Safety API Reference¶
This page documents the ARTEMIS safety monitoring API.
MonitorMode¶
Enum for safety monitor modes.
from artemis.safety import MonitorMode
MonitorMode.PASSIVE # Observe and report only
MonitorMode.ACTIVE # Can intervene and halt debate
MonitorMode.LEARNING # Learn patterns without alerting
SandbagDetector¶
Detects intentional underperformance.
Constructor¶
SandbagDetector(
mode: MonitorMode = MonitorMode.PASSIVE,
sensitivity: float = 0.5,
baseline_turns: int = 3,
drop_threshold: float = 0.3,
)
Parameters:
| Parameter | Type | Default | Description |
|---|---|---|---|
mode |
MonitorMode | PASSIVE | Monitor mode |
sensitivity |
float | 0.5 | Detection sensitivity (0-1) |
baseline_turns |
int | 3 | Turns for baseline establishment |
drop_threshold |
float | 0.3 | Capability drop threshold |
Methods¶
process¶
Processes a turn for sandbagging detection. Used as safety_monitors=[detector.process].
DeceptionMonitor¶
Detects deceptive claims.
Constructor¶
Parameters:
| Parameter | Type | Default | Description |
|---|---|---|---|
mode |
MonitorMode | PASSIVE | Monitor mode |
sensitivity |
float | 0.5 | Detection sensitivity (0-1) |
Methods¶
process¶
Processes a turn for deception detection.
BehaviorTracker¶
Tracks behavioral changes over time.
Constructor¶
BehaviorTracker(
mode: MonitorMode = MonitorMode.PASSIVE,
sensitivity: float = 0.5,
window_size: int = 5,
drift_threshold: float = 0.3,
)
Parameters:
| Parameter | Type | Default | Description |
|---|---|---|---|
mode |
MonitorMode | PASSIVE | Monitor mode |
sensitivity |
float | 0.5 | Detection sensitivity (0-1) |
window_size |
int | 5 | Turns to consider for drift |
drift_threshold |
float | 0.3 | Drift alert threshold |
Methods¶
process¶
Processes a turn for behavior drift detection.
EthicsGuard¶
Monitors ethical boundaries.
Constructor¶
Parameters:
| Parameter | Type | Default | Description |
|---|---|---|---|
mode |
MonitorMode | PASSIVE | Monitor mode |
config |
EthicsConfig | None | Ethics configuration |
EthicsConfig¶
EthicsConfig(
harmful_content_threshold: float = 0.5,
bias_threshold: float = 0.4,
fairness_threshold: float = 0.3,
enabled_checks: list[str] = ["harmful_content", "bias", "fairness", "privacy", "manipulation"],
custom_boundaries: dict[str, str] = {},
)
Parameters:
| Parameter | Type | Default | Description |
|---|---|---|---|
harmful_content_threshold |
float | 0.5 | Threshold for harmful content |
bias_threshold |
float | 0.4 | Threshold for bias detection |
fairness_threshold |
float | 0.3 | Threshold for fairness violations |
enabled_checks |
list[str] | [...] | List of enabled ethics checks |
custom_boundaries |
dict | {} | Custom ethical boundaries |
Methods¶
process¶
Processes a turn for ethics violations.
Using Multiple Monitors¶
Combine monitors by passing a list to the Debate:
from artemis.core.debate import Debate
from artemis.safety import (
SandbagDetector,
DeceptionMonitor,
BehaviorTracker,
EthicsGuard,
MonitorMode,
EthicsConfig,
)
# Create individual monitors
sandbag = SandbagDetector(mode=MonitorMode.PASSIVE, sensitivity=0.7)

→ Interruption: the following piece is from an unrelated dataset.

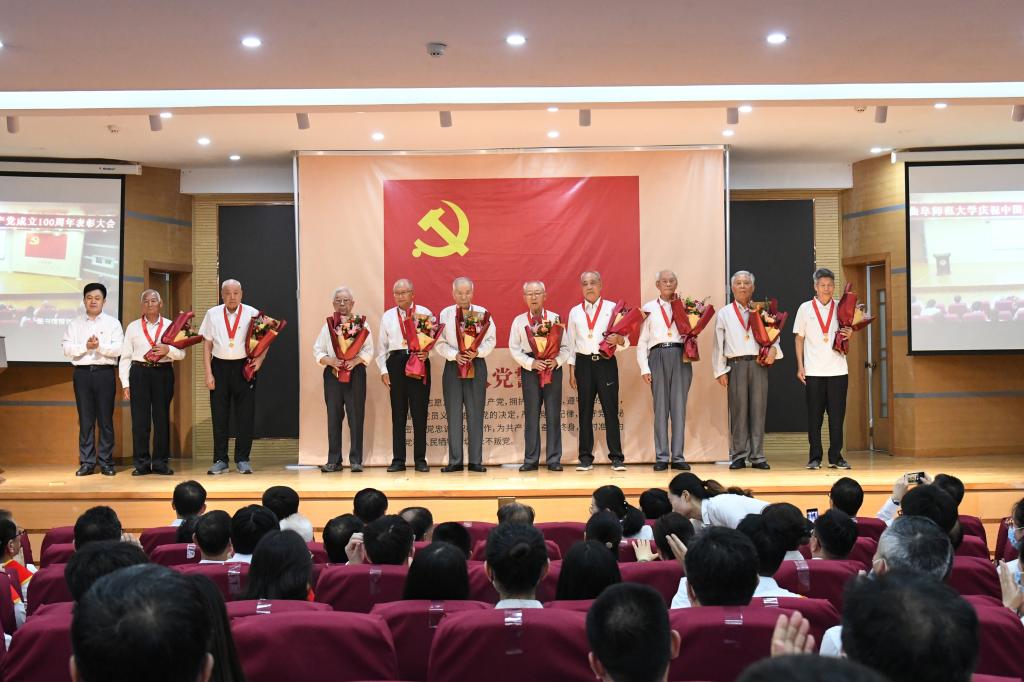 今年,党中央决定首次向符合条件的老党员同志颁发“光荣在党50年”纪念章,曲阜师大共有138名老党员获颁纪念章,他们当中党龄最长的为75年。学校领导为到场老党员代表一一颁发“光荣在党50年”纪念章,并献上鲜花,全场掌声雷动,在场师生深受鼓舞,大家纷纷表示要向老党员们学习,坚定理想信念,持守初心、永远奋斗!

deception = DeceptionMonitor(mode=MonitorMode.PASSIVE, sensitivity=0.6)
behavior = BehaviorTracker(mode=MonitorMode.PASSIVE, sensitivity=0.5)
ethics = EthicsGuard(mode=MonitorMode.PASSIVE, config=EthicsConfig(harmful_content_threshold=0.5))
# Pass their process methods to the debate
debate = Debate(
topic="Your topic",
agents=agents,
safety_monitors=[
sandbag.process,
deception.process,
behavior.process,
ethics.process,
],
)
SafetyResult¶
Result from a safety monitor.
Class Definition¶
class SafetyResult(BaseModel):
monitor: str # Name of the monitor
severity: float # 0.0 to 1.0
indicators: list[SafetyIndicator]
should_alert: bool = False
should_halt: bool = False
analysis_notes: str | None = None
SafetyAlert¶
Safety alert from monitoring.
Class Definition¶
class SafetyAlert(BaseModel):
id: str
monitor: str # Name of the monitor
agent: str # Agent that triggered alert
type: str # "sandbagging", "deception", "drift", "ethics"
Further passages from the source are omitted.